Казалось, лицо арестанта светится изнутри каким-то осязаемо-темным светом. На нем проступила печать вдохновения. Александр Христофорович вдруг подумал, как трудно людям с задатками мучеников сносить кошмар в высшей степени бумажного, стерильно-чиновничьего следствия.

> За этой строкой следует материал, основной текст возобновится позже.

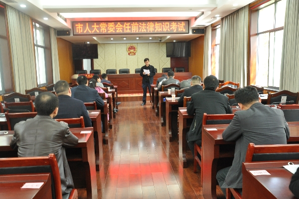 3月25日下午,《人事任免办法》实施后的首场任前法律知识考试在市人大常委会三楼会议室进行,此次考试对象是机构改革后拟提请人大常委会任命的政府办主任、政府工作部门的局长、市检察院副检察长,此次考试采取闭卷形式,考试内容主要包括宪法、监督法、代表法、行政许可法、行政处罚法等,试题结合了拟任人员的岗位实际,注重理论与实际相结合,以达到以考促学的目的。
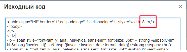 Ширина чека настроена на ширину ленты 8 см. Если нужно изменить ширину, то можно изменить в исходном коде (в самой верхней строке размер 8 см изменить на свой).

В воображении им рисовались страдания на кресте, обличительные речи, злодеи-палачи. Вместо этого – безликие допросные листы, кислые щи на обед, метелка в углу камеры. А из всех человеческих напастей – крысы да сырость. Романтика начинала подкисать, приобретая запах прелой дерюги.
– Сожалею, но при обнаруженном настроении мы вынуждены отделить вас от других заключенных, – сказал неукоснительно вежливый Левашов. – Истерия заразна.
– Вы полагаете его бешеным! – расхохотался Чернышев. – Думаете, перекусает все стадо!? Да его в колодки и в самое гнилое место Алексеевского равелина.
Вряд ли это поможет, думал Бенкендорф. В прежние времена такого ждала монастырская тюрьма. Теперь рудник, поселение или солдатчина. Он впадает в экстаз при виде собственных страданий и кормит сердце мыслями о чужих.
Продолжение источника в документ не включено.